# Where should we visit (Little Rock or Memphis)



## ajhcmaj (Nov 22, 2009)

Next summer we are taking a road trip.  We will be in Nashville for about 1 week as well as digging for diiamonds at Crater of Diamonds for 2 days.

So we have 2 days/1 night available to either stop in Little Rock, AR or Memphis, TN.  We have a 11 year old and 8 year old.  So trying to get some suggestions of what we should do or where we should stay for 2 days/1 night..


Thanks


----------



## DianneL (Nov 23, 2009)

*Memphis*

I don't know what there is to do or see in Little Rock, however, there are several things in Memphis.  They have a nice zoo, there's Graceland (home of Elvis Presley), the Peabody Hotel downtown where the ducks march in and out a couple of times per day, Mud Island (which has a layout of the Mississippi River and area), and the town is right on the Mississippi River.  I am sure there are also river boat cruises, etc.  Memphis is about a four-hour drive from Nashville.


----------



## Liz Wolf-Spada (Nov 23, 2009)

I was in Memphis for one weekend and I so wanted to go back.
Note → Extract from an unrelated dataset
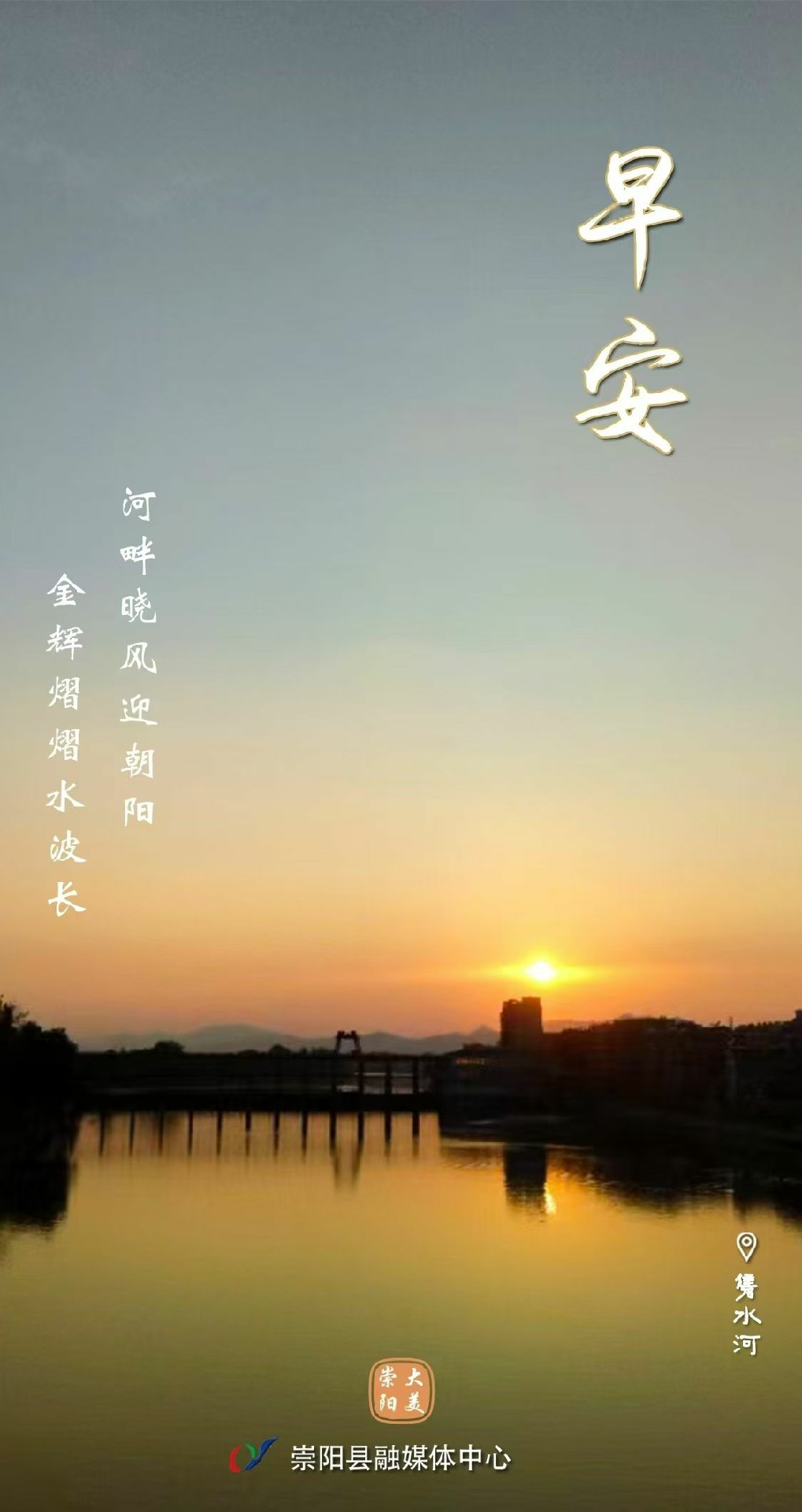早安·大美崇阳——河畔晓风迎朝阳,金辉熠熠水波长

I was there during Martin Luther King's birthday weekend and went to the National Civil Rights Museum, the actual Lorraine Motel where he was killed. It is truly inspirational. Take your kids and go.
Liz


----------



## urple2 (Nov 23, 2009)

Not so sure those little one's will find either place all that interesting but...stop in Little Rock and visit the Clinton Library... then head to Memphis and stay near Beale Street for the night and then visit Graceland the next day before heading out.


----------



## DeniseM (Nov 23, 2009)

No offense to those who like in Arkansas, but DH's parents live there and after our first trip, we found little else to see or do.  The lakes and rivers are beautiful if you are into fishing or camping.


----------



## ronandjoan (Nov 23, 2009)

We got to Little Rock area often - south of - because my MIL is there with Alzhemiers with my BIL.  We went to Hot Springs - 45 minutes form their place, but otherwise, have not seen much in Little Rock to see that was better than Memphos -- much more to do and see there.-


----------



## dive-in (Nov 23, 2009)

I grew up in the Ouachita Mountains of Arkansas so bear that in mind as you read the rest of this.   The answer is "it depends".  Basically, spend your time with nature in Arkansas but do the man-made attractions in Memphis.    

Arkansas isn't called "The Natural State" for nothing.  Take advantage of the natural beauty of the state.  You are already doing that with the Crater of Diamonds but add more.  Do a float trip on the Buffalo River (north of Little Rock) the Ouachita River (near Hot Springs), or the Cossatot River (West Central Arkasas).  I've done all three and they are all fun with some awesome scenery.  There is a good state parks system and lots of nice National Forest Service areas.  Send me a PM and I'll share some of my favorites.  There really isn't much that I can think of in LR besides the Clinton Library and the LR Zoo.  

On the other hand, there's nothing pretty about Memphis but it does have more attractions that others have already mentioned. 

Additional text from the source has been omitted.